Aim of the exercise: What is needed is a word-for-word copy of the listing below, without pictures.

Given information:
::::

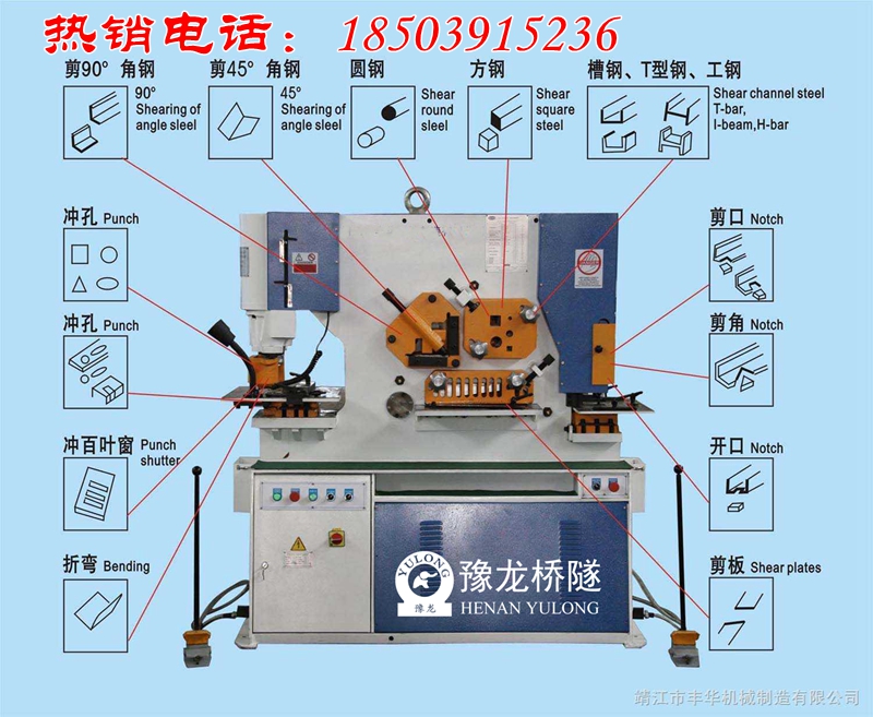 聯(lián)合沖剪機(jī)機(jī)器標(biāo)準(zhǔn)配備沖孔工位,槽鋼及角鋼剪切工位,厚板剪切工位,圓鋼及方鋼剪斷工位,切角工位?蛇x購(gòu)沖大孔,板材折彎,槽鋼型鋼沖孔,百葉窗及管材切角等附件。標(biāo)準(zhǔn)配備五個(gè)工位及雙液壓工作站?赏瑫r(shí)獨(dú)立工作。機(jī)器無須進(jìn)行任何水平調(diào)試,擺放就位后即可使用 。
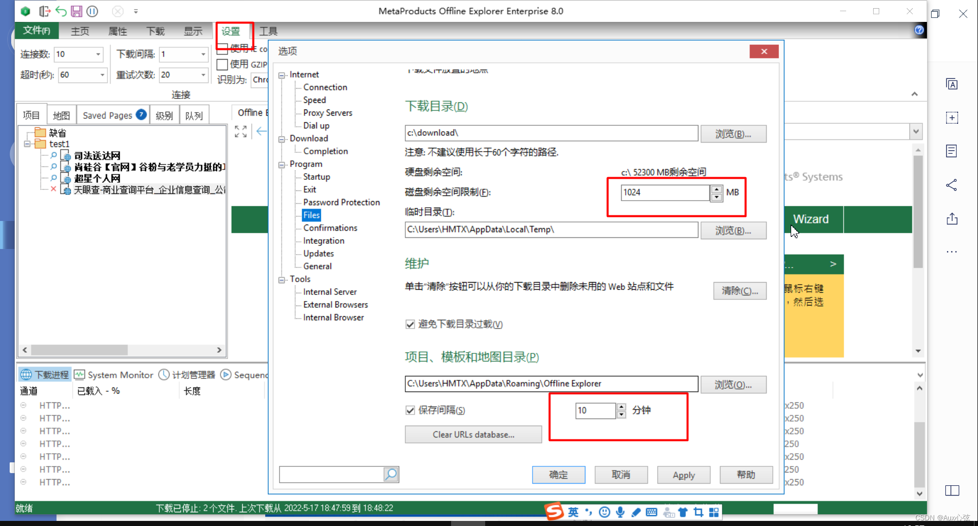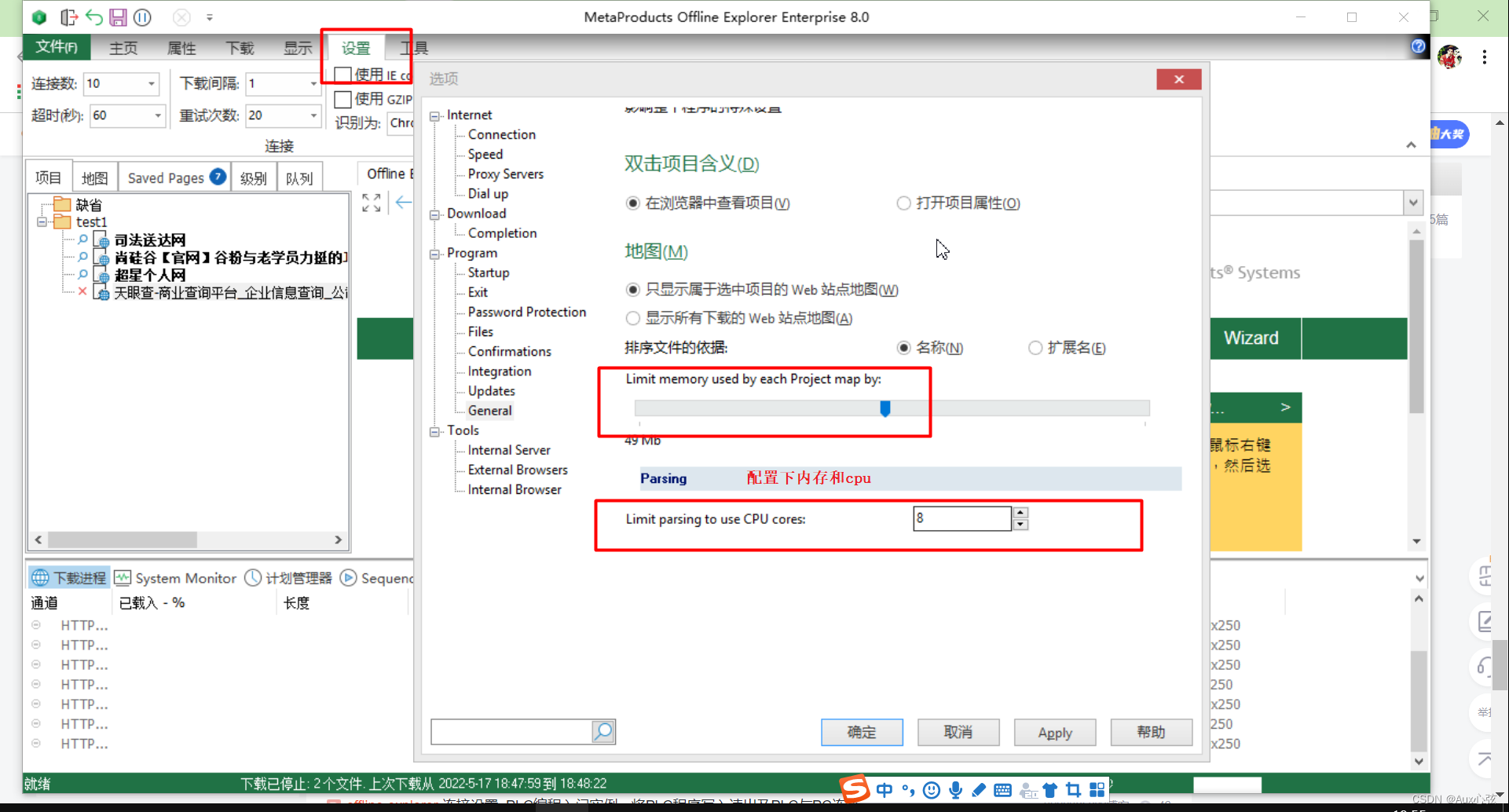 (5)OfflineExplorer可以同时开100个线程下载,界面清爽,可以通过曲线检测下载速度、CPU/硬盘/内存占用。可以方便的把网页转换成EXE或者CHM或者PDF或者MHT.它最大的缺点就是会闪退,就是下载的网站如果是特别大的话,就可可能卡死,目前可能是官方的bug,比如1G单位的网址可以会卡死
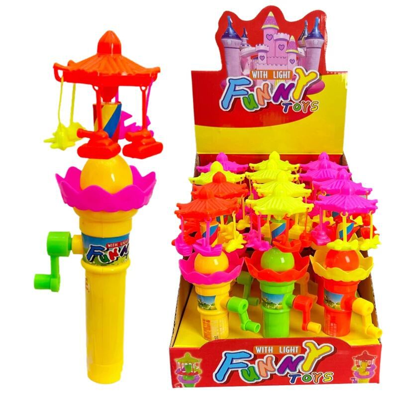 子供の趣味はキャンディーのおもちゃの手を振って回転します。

::::

Your response:
 聯(lián)合沖剪機(jī)機(jī)器標(biāo)準(zhǔn)配備沖孔工位,槽鋼及角鋼剪切工位,厚板剪切工位,圓鋼及方鋼剪斷工位,切角工位?蛇x購(gòu)沖大孔,板材折彎,槽鋼型鋼沖孔,百葉窗及管材切角等附件。標(biāo)準(zhǔn)配備五個(gè)工位及雙液壓工作站?赏瑫r(shí)獨(dú)立工作。機(jī)器無須進(jìn)行任何水平調(diào)試,擺放就位后即可使用 。
 (5)OfflineExplorer可以同时开100个线程下载,界面清爽,可以通过曲线检测下载速度、CPU/硬盘/内存占用。可以方便的把网页转换成EXE或者CHM或者PDF或者MHT.它最大的缺点就是会闪退,就是下载的网站如果是特别大的话,就可可能卡死,目前可能是官方的bug,比如1G单位的网址可以会卡死
 子供の趣味はキャンディーのおもちゃの手を振って回転します。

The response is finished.